§ **Records for this exercise**:
———

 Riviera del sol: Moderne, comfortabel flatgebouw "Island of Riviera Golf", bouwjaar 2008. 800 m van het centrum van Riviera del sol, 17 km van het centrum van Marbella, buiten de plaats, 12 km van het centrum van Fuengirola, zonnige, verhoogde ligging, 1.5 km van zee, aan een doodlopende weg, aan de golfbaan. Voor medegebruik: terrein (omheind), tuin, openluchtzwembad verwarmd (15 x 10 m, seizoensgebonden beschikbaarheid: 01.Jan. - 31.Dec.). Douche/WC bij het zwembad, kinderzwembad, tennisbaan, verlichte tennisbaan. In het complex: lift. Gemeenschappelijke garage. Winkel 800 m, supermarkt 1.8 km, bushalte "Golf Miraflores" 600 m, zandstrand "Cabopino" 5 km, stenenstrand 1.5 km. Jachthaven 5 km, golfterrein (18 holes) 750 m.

———

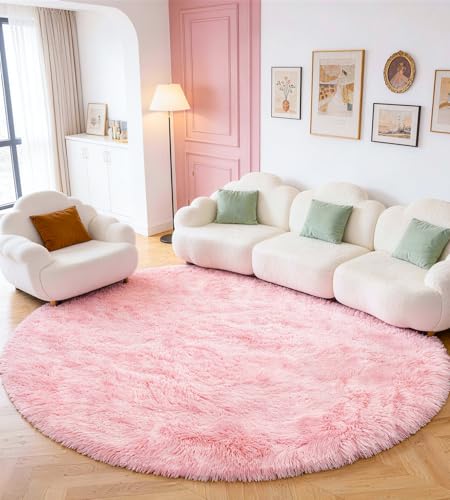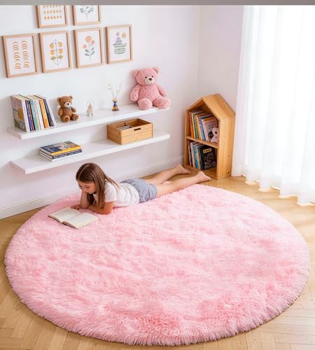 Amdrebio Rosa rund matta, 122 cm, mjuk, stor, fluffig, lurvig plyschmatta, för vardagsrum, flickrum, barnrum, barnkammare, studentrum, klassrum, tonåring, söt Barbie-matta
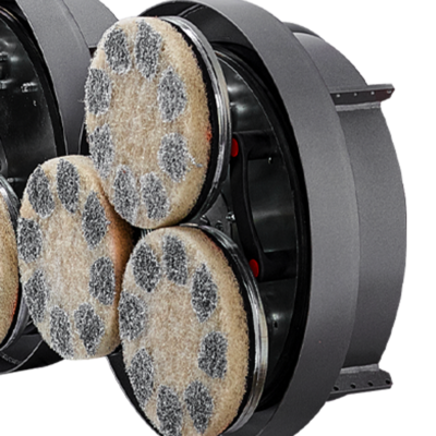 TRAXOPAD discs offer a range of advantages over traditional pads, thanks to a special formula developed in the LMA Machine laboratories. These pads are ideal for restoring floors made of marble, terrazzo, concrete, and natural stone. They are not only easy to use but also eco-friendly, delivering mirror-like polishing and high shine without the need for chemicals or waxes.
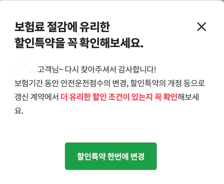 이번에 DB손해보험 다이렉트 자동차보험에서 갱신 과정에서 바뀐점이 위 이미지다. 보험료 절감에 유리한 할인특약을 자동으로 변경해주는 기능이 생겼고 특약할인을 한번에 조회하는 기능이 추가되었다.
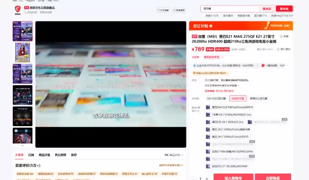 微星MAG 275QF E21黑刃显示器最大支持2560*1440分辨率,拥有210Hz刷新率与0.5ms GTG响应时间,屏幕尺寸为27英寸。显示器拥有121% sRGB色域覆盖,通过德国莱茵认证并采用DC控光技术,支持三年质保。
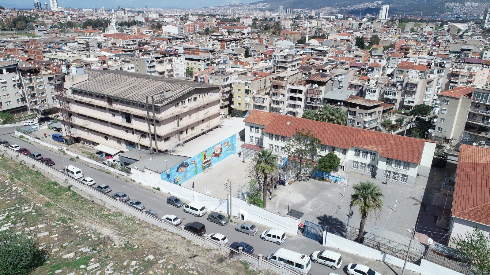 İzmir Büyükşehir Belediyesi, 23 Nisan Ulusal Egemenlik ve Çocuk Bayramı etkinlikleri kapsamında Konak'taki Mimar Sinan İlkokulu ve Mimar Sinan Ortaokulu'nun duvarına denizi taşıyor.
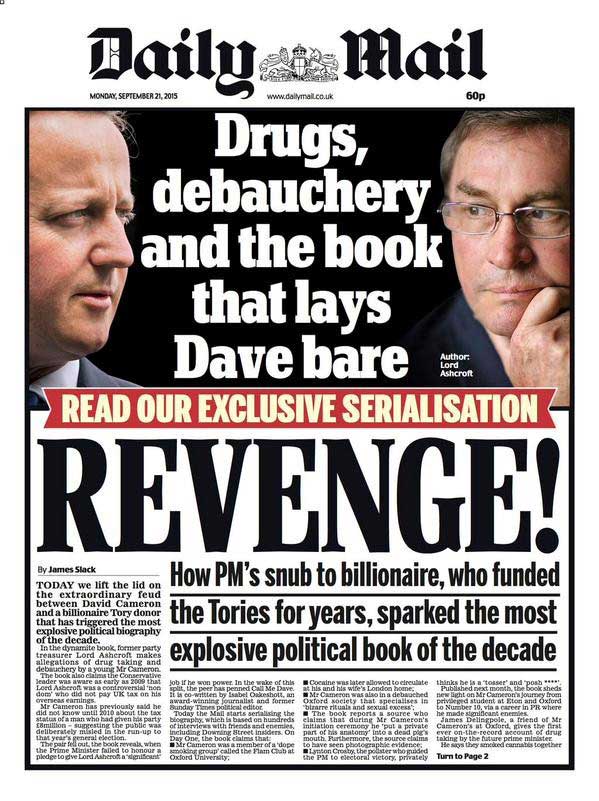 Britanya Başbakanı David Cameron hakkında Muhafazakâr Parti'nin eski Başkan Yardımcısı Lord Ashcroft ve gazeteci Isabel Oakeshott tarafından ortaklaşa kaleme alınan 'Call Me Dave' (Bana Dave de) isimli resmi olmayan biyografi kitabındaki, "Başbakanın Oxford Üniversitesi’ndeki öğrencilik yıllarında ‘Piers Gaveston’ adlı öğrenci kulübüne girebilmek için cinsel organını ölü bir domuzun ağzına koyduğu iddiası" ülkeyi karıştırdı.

———

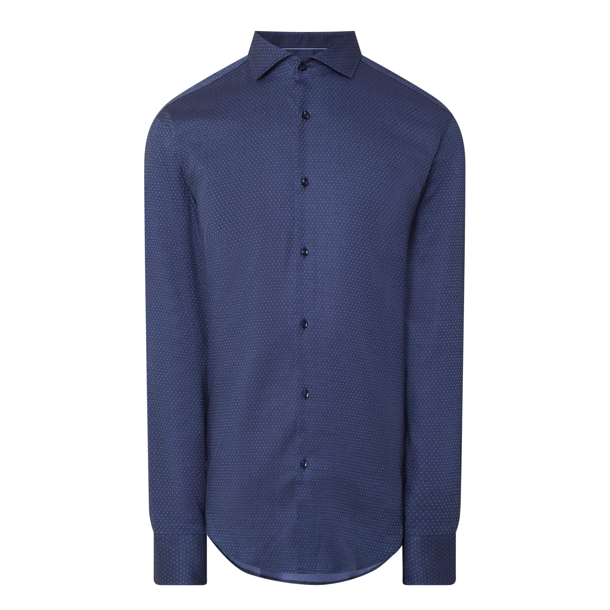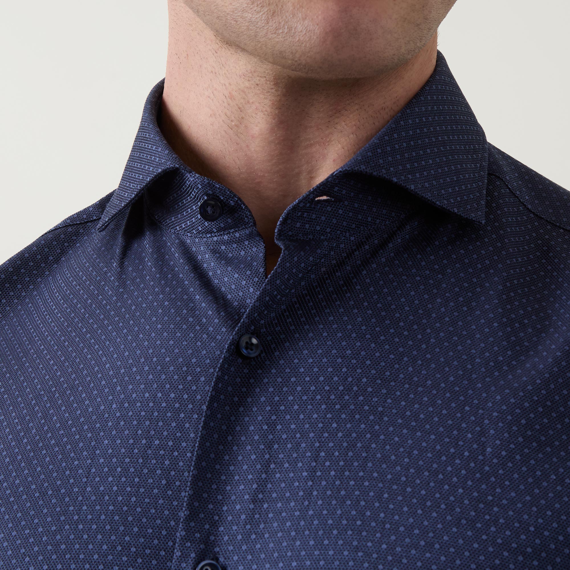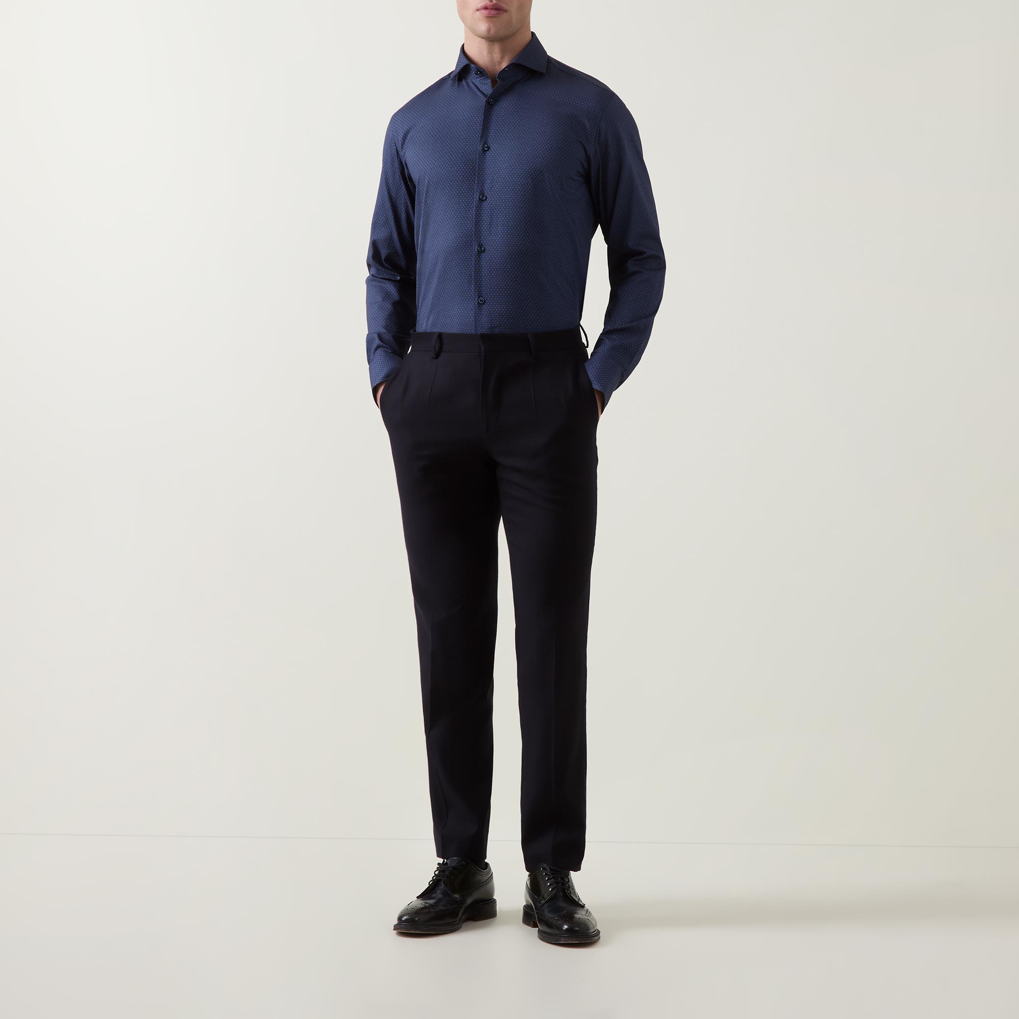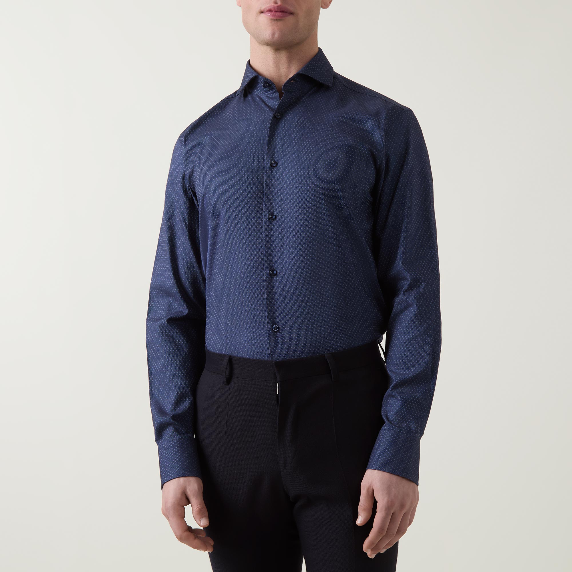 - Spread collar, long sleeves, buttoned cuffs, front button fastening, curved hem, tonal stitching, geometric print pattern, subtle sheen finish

———

§ **What the exercise asks**: Your answer is the exact run of lines above from the one with "이번에 DB손해보험 다이렉트" through the one with "微星MAG 275QF E21黑刃显示器最大支持2560*1440分辨率,拥有210Hz刷新率与0.5ms", both ends included, minus any picture.

§ **Exercise response**:
 이번에 DB손해보험 다이렉트 자동차보험에서 갱신 과정에서 바뀐점이 위 이미지다. 보험료 절감에 유리한 할인특약을 자동으로 변경해주는 기능이 생겼고 특약할인을 한번에 조회하는 기능이 추가되었다.
 微星MAG 275QF E21黑刃显示器最大支持2560*1440分辨率,拥有210Hz刷新率与0.5ms GTG响应时间,屏幕尺寸为27英寸。显示器拥有121% sRGB色域覆盖,通过德国莱茵认证并采用DC控光技术,支持三年质保。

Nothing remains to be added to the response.